Give back exactly the lines of the material below, starting with the line with "2015-2016学年第二学期石家庄市新华区五年级英语试卷(冀教版)【3】" and going on through the line with "Compleet pakket van".

- DATA -
# # #

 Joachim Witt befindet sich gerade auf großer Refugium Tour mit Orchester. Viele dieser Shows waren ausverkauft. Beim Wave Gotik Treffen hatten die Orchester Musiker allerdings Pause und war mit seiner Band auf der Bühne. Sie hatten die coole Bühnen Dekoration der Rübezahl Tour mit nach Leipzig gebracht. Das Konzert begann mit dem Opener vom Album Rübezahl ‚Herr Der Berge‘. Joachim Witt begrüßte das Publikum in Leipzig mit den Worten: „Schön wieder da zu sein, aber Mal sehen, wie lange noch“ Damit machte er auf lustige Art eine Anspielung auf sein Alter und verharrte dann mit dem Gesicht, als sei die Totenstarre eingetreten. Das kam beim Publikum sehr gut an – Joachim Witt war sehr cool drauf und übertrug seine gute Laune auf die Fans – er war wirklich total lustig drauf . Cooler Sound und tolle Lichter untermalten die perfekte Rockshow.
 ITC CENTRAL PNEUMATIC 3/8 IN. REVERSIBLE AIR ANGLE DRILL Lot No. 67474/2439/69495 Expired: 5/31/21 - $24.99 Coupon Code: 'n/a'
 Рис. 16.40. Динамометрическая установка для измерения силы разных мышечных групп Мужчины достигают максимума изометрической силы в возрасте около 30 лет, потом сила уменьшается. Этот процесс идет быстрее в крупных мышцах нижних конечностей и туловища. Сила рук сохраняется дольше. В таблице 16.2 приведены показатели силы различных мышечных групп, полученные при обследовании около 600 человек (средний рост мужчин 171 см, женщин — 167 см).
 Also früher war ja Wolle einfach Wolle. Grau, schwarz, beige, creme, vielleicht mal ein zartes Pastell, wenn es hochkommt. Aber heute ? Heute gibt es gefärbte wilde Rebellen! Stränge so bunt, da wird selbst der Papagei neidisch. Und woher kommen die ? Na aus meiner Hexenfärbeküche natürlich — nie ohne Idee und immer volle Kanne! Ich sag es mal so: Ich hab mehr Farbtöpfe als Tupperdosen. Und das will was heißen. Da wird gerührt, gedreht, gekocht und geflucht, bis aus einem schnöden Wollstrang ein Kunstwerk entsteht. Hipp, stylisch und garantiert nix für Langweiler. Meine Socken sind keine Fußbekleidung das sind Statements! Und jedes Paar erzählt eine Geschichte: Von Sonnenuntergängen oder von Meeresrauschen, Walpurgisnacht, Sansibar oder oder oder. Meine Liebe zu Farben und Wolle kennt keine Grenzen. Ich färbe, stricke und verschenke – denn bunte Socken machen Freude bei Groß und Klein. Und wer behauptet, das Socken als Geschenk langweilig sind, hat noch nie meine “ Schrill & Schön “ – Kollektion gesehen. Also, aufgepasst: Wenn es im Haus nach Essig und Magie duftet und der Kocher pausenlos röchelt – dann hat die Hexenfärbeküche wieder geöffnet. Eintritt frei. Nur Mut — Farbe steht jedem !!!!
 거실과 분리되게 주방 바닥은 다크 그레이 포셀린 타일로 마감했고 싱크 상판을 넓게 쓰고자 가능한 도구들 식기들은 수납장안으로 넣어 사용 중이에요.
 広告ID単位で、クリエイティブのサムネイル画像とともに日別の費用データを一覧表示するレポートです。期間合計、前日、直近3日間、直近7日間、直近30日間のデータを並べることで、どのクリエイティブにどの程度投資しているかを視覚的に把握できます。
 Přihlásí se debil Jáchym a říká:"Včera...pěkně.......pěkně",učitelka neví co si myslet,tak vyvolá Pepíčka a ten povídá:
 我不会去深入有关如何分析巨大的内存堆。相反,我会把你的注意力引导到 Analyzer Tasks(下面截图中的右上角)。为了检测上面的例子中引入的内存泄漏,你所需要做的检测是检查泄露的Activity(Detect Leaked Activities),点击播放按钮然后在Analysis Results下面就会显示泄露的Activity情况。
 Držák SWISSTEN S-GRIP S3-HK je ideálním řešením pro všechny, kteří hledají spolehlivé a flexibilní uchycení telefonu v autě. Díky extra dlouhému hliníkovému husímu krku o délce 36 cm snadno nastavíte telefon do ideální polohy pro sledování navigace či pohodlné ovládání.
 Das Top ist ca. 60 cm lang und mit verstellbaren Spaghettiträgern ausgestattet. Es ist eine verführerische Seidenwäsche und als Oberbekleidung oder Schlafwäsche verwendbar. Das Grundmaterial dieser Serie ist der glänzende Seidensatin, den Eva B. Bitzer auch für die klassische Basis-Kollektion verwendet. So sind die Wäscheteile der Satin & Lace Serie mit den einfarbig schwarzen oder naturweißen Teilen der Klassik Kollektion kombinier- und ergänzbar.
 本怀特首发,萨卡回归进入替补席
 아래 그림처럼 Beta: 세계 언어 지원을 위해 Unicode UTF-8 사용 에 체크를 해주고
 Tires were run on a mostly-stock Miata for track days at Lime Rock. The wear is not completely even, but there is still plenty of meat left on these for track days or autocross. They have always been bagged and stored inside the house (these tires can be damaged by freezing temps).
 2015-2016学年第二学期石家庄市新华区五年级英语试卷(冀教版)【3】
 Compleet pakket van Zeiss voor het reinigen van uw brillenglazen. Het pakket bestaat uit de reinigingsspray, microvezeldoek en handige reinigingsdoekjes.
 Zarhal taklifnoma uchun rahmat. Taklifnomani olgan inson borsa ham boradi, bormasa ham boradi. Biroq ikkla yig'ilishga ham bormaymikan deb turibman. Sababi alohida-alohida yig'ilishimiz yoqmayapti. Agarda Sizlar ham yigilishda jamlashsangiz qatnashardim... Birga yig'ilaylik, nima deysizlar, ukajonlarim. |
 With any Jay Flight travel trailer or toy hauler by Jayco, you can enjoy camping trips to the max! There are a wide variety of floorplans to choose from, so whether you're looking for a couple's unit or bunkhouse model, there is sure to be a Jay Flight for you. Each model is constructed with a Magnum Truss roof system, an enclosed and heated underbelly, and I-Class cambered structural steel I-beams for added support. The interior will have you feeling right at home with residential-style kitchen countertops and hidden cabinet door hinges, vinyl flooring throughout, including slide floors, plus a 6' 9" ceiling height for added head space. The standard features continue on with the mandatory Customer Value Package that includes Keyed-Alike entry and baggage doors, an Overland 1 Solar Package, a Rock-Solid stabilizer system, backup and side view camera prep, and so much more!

# # #

- OUTPUT FOR THIS TASK -
 2015-2016学年第二学期石家庄市新华区五年级英语试卷(冀教版)【3】
 Compleet pakket van Zeiss voor het reinigen van uw brillenglazen. Het pakket bestaat uit de reinigingsspray, microvezeldoek en handige reinigingsdoekjes.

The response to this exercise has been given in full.